In an interview with The Times newspapeer reported by RTÉ, the leader of Irish Unionism Peter Robinson has stated that the future of NI as a part of the UK will depend on Catholic votes and that he could be the last Unionist First Minister.
Asked whether he could be Northern Ireland's last unionist first minister, Mr Robinson said: "Yes, but the assumption behind your question is that the Catholic population will not vote for unionist parties."
Of course Catholics do not generally vote for Unionist parties so Mr. Robinson would appear to be clutching at straws. Even if Protestant alienation of Catholics was to discontinue, this would be unlikely to change.
The article implies the reasoning behind Mr Robinsons comments as due to demographic change backed up by interesting statistics
"A 2001 census recorded the Northern Irish population as 53.1% Protestant and 43.8% Catholic, with the 2011 census expected to show a narrowing of the gap.

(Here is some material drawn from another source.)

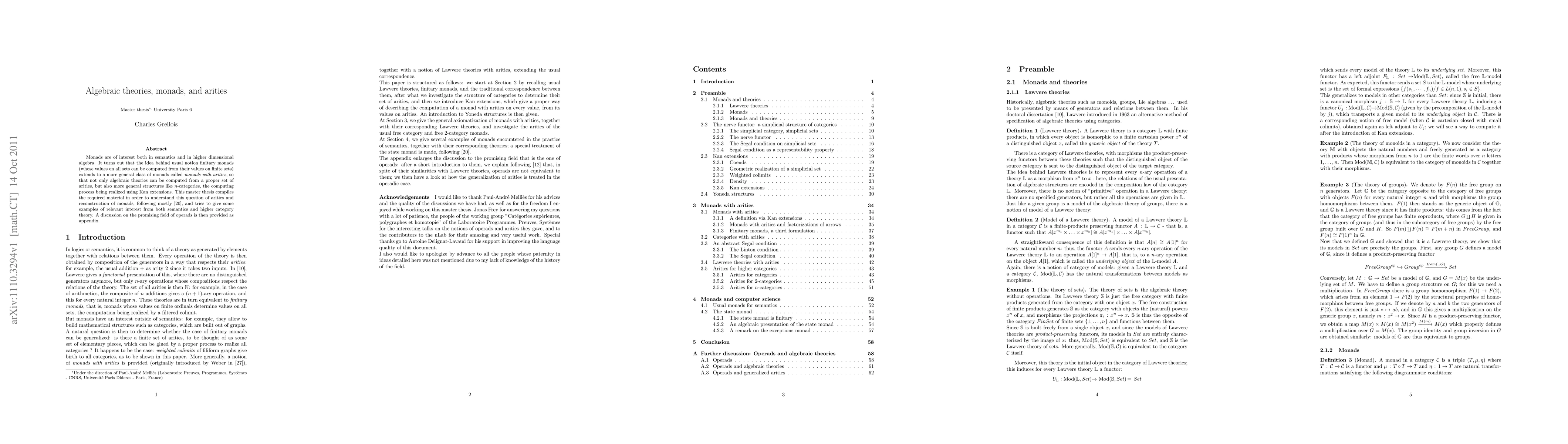This paper explores how the concept of finitary monads extends to monads with arities, enabling the computation of algebraic theories and n-categories from a set of arities using Kan extensions. An appendix discusses the potential of operads in this context.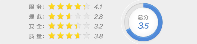 3、通過問卷調(diào)查結(jié)果分析,金隅項目總分共3.5星,服務(wù)等級為4.1星,安全等級為3.2星,規(guī)范等級為2.8星,質(zhì)量等級為3.8星。

The Times cited a recent national audit showing that when asked to state their religion, 54% of boys and 55% of girls described themselves as Catholic.
Figures out last month found that 49% of Northern Irish students at the province's universities were Catholics, while 35% were Protestants".
The Unionist leader is clearly resigned to the fact that a Catholic plurality in the North is inevitable in the not too distant future and acknowledges that the very survival of the orange state will be detetermined by the very people that were to be excluded in the "Protestant state for a Protestant people".
For the Leader of Unionism to publicly asknowledge that NI is on the verge a Catholic majority is truely momentous. The penny has dropped.
Robinson was only trying to maximise The DUP vote. "vote for me and keep SF out of the top job".